**What you need to do**. Take the line containing "U sredini mladica" and each line after it through the end of the data below, and return them exactly, minus any pictures.

Saved data entries:
^^^^

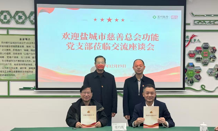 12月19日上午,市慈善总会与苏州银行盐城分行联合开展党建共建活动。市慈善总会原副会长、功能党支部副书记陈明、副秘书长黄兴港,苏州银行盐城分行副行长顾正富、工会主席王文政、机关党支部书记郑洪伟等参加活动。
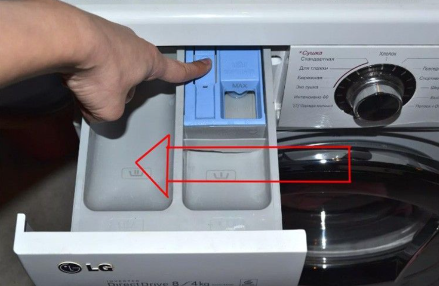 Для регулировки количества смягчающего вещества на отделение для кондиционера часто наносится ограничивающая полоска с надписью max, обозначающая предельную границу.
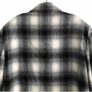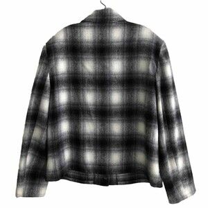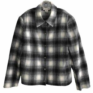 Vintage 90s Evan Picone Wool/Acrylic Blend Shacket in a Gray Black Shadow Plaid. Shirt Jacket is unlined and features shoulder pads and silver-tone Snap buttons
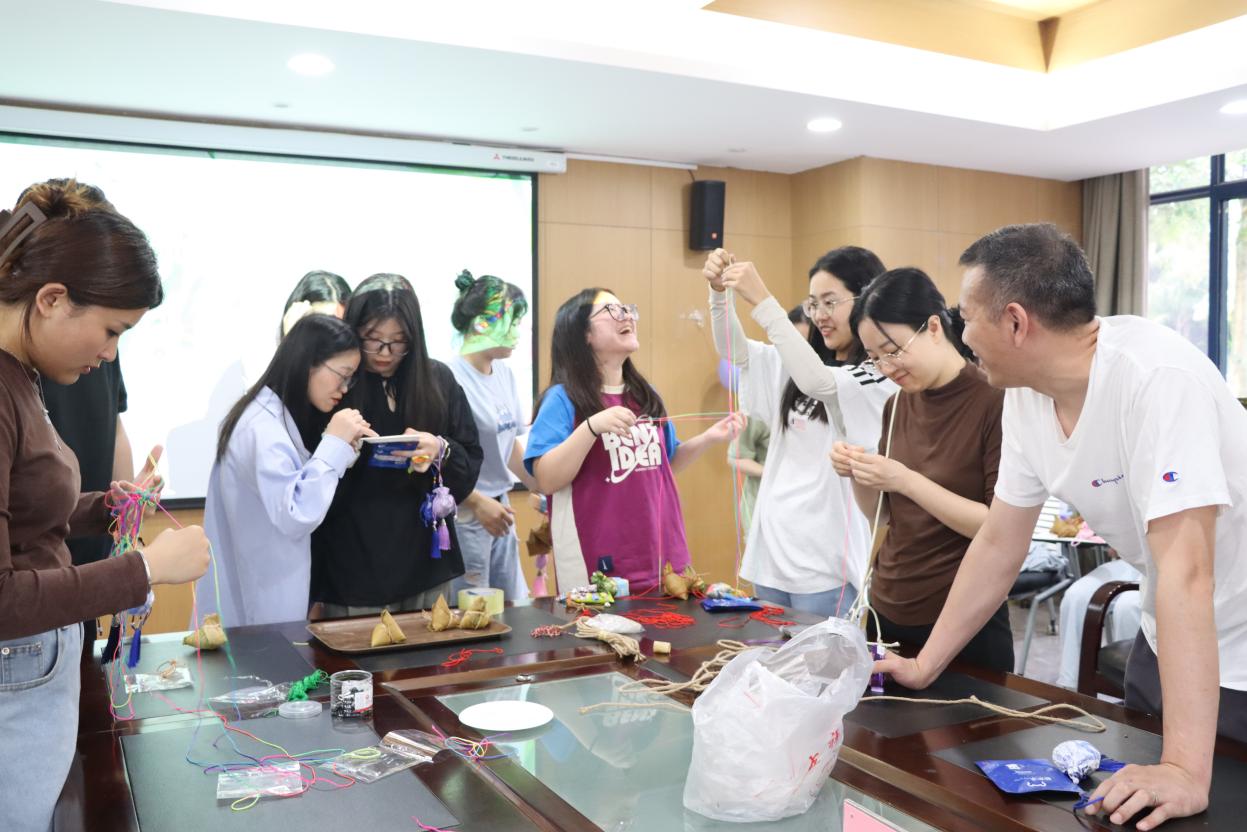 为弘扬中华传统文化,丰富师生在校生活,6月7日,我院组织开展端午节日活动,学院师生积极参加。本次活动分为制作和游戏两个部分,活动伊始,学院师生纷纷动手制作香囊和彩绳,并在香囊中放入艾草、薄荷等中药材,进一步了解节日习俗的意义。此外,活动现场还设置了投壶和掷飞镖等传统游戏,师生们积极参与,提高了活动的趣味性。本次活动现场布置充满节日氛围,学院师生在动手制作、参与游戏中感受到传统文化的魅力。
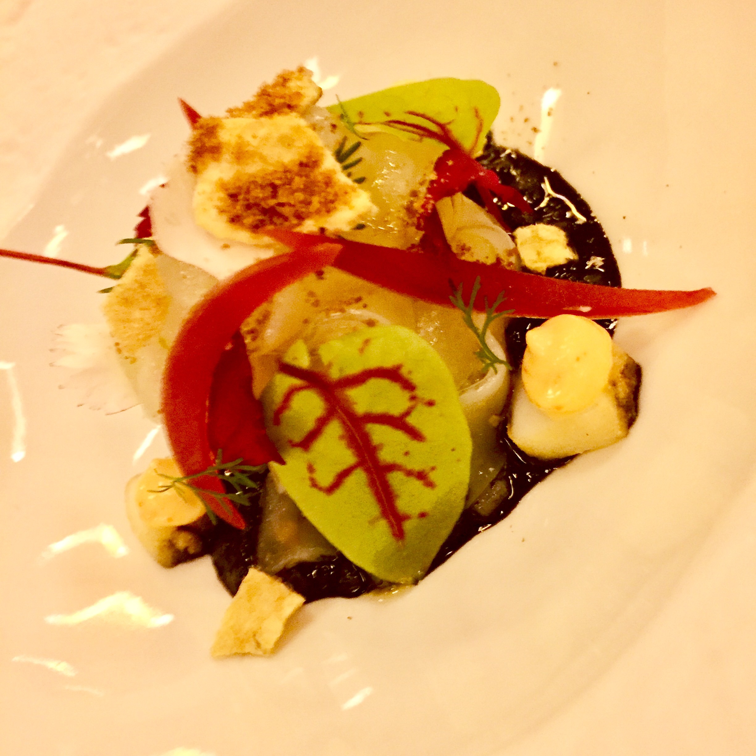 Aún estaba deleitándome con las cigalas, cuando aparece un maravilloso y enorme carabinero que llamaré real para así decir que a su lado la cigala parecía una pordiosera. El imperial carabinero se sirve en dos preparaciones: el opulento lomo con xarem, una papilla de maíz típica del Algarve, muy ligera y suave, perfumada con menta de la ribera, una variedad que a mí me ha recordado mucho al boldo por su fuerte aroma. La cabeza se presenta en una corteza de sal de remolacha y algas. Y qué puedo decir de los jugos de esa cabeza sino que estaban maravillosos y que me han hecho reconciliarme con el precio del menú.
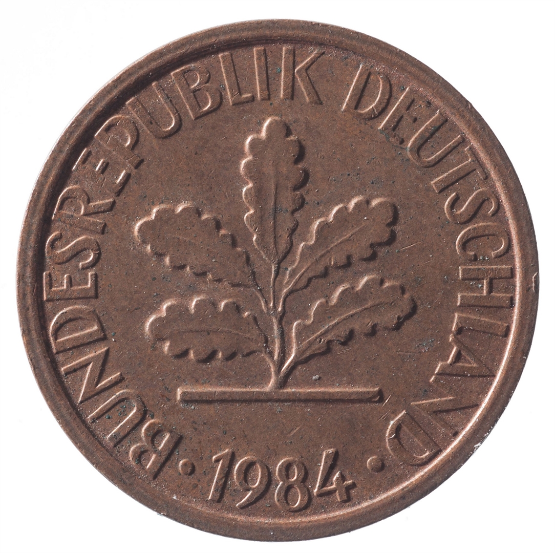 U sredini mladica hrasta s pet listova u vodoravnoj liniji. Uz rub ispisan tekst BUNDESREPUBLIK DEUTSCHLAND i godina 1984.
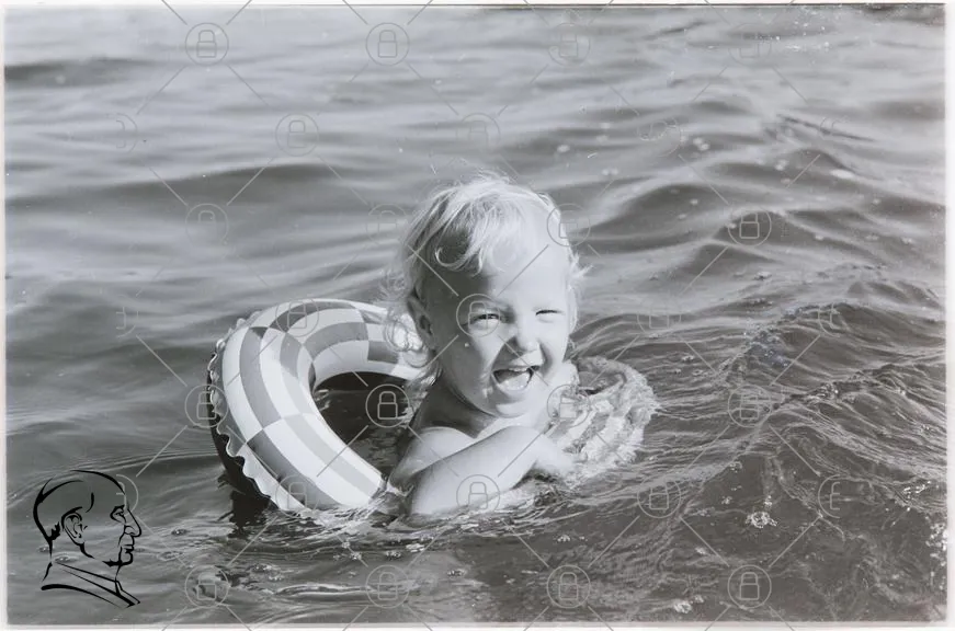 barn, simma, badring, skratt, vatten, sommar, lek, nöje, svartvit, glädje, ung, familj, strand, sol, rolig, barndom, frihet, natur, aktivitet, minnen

^^^^

**Exercise output**.
 U sredini mladica hrasta s pet listova u vodoravnoj liniji. Uz rub ispisan tekst BUNDESREPUBLIK DEUTSCHLAND i godina 1984.
 barn, simma, badring, skratt, vatten, sommar, lek, nöje, svartvit, glädje, ung, familj, strand, sol, rolig, barndom, frihet, natur, aktivitet, minnen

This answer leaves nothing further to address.